Abstract
Fabric defect detection plays an important role in controlling the quality of textile production. In this article, a novel fabric defect detection algorithm is proposed based on a multi-scale convolutional neural network and low-rank decomposition model. First, multi-scale convolutional neural network, which can extract the multi-scale deep feature of the image using multiple nonlinear transformations, is adopted to improve the characterization ability of fabric images with complex textures. The effective feature extraction makes the background lie in a low-rank subspace, and a sparse defect deviates from the low-rank subspace. Then, the low-rank decomposition model is constructed to decompose the feature matrix into the low-rank part (background) and the sparse part (salient defect). Finally, the saliency maps generated by the sparse matrix are segmented based on an improved optimal threshold to locate the fabric defect regions.
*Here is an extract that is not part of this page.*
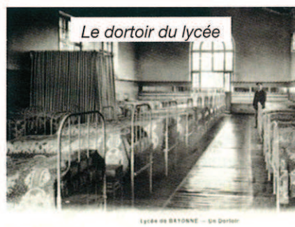
Le dortoir du lycée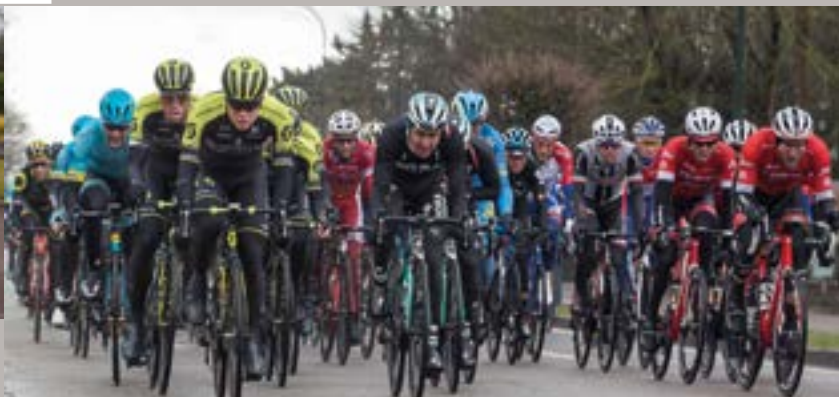
Etape de la course cycliste Paris-Nice à La Celle Saint-Cloud

Experimental results indicate that the feature extracted by the multi-scale convolutional neural network is more suitable for characterizing the fabric texture than the traditional hand-crafted feature extraction methods, such as histogram of oriented gradient, local binary pattern, and Gabor. The adopted low-rank decomposition model can effectively separate the defects from the background. Moreover, the proposed method is superior to state-of-the-art methods in terms of its adaptability and detection efficiency.
Highlights
Fabric defect detection is the key phase of textile quality control
The iterative optimal threshold segmentation algorithm[41] is adopted to segment the saliency map generated by the sparse matrix
The training was carried out, and features were extracted for the image block by multi-scale convolutional neural network (MCNN)
Summary
Fabric defect detection is the key phase of textile quality control. Traditional fabric defect detection is mainly performed through a visual inspection of skilled workers. A novel fabric defect detection algorithm is proposed based on deep feature and LRD.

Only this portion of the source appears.